Date: Thu, 11 Sep 2003 07:13:37 -0700
From: Mary Hodder <>
Subject: KaZaA and Punishment
To: dave@xxxxxxxxxx
Please remove just my email address. TX
KaZaA and Punishment
By Douglas Lichtman
488 words
10 September 2003
The Wall Street Journal
A24
The federal courts have over the past two years struggled to understand why
Grokster, KaZaA, and related Internet entities should be held accountable
for their role in online music piracy. On Monday, and in no uncertain terms,
the music industry answered the question: If the courts refuse to hold
Internet intermediaries adequately accountable, copyright holders will have
no choice but to file suit against the individuals who use those
intermediaries to infringe.
---
Courts have been reluctant to impose liability on Grokster and its ilk for
the simple reason that these entities do not directly commit the alleged bad
acts. Just as a steak knife can be used both to facilitate the consumption
of a good meal and to separate a businessman from his wallet, Grokster and
KaZaA have both legal and illegal applications. Why hold providers of tools
and services responsible, and perhaps inadvertently interfere with
legitimate activity, when it is the individual users who have final say over
whether steak knives and peer-to-peer technology are used for good or ill?
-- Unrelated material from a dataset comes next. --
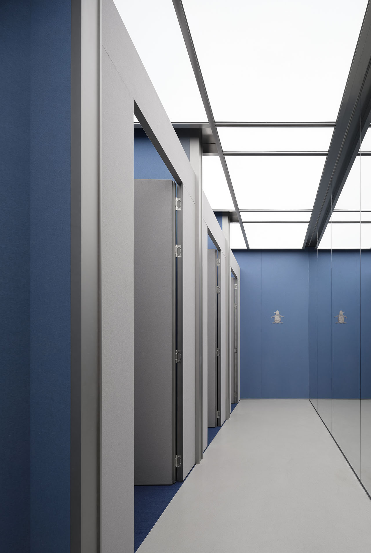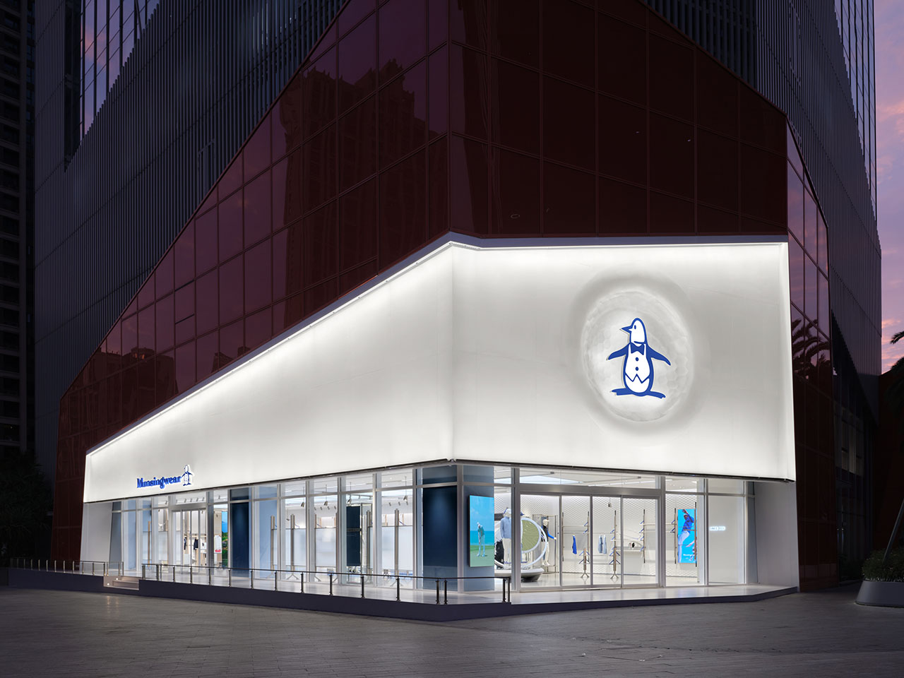 在保留原建筑幕墙框架的基础上,设计团队利用极简留白的大面积立面塑造简约的品牌美感,UHPC高强度混凝土打造高尔夫球的表面立体肌理,配合品牌企鹅标志作为核心视觉符号,在整体纯净的白色基调中通过高球肌理与凹陷造型,凸显品牌符号和运动品类的特征。

That logic has appeal, but it inevitably leads to the events of Monday
morning: 261 lawsuits filed against specific individuals randomly chosen
from among the millions who have engaged in the unauthorized distribution of
copyrighted music online.
The better approach from a public policy perspective would be for the law to
immunize these individuals from liability and facilitate instead meaningful
litigation between the bigger parties. Such an approach would bring before
the court those entities best positioned to articulate the complicated
trade-offs inherent in applying copyright law to the Internet. That is,
KaZaA and the music industry can both afford to hire fancy lawyers who can
in turn lay bare central issues; and litigation between these two behemoths
is sure to, at the same time, attract the helpful attention of public
advocacy organizations like the Electronic Frontier Foundation who can
further ensure that the public interest is represented in court. Individual
defendants, by contrast, lack the resources necessary to put up this good
fight, and they face enormous pressure to preserve their bank accounts by
quickly and quietly settling.
Moreover, lawsuits against individuals have a disquieting randomness to
them, and that should give the legal system serious pause. To hold
accountable only a handful of the individuals who swapped songs without
permission -- to extract steep damages from those unlucky few while leaving
millions of equally culpable peers untouched -- smacks of unequal justice.
Admittedly, sometimes judicial inequality is a necessary evil; where
intermediaries can effectively be held accountable, it is not.
In short, let KaZaA and Grokster profit from their technology and then pay
for their crimes. And let the college student, whose crime is something
between an arrogant disregard for existing law and a praiseworthy enthusiasm
for the technologic future to come, walk free.
---
Mr. Lichtman is a professor of law at the University of Chicago Law School.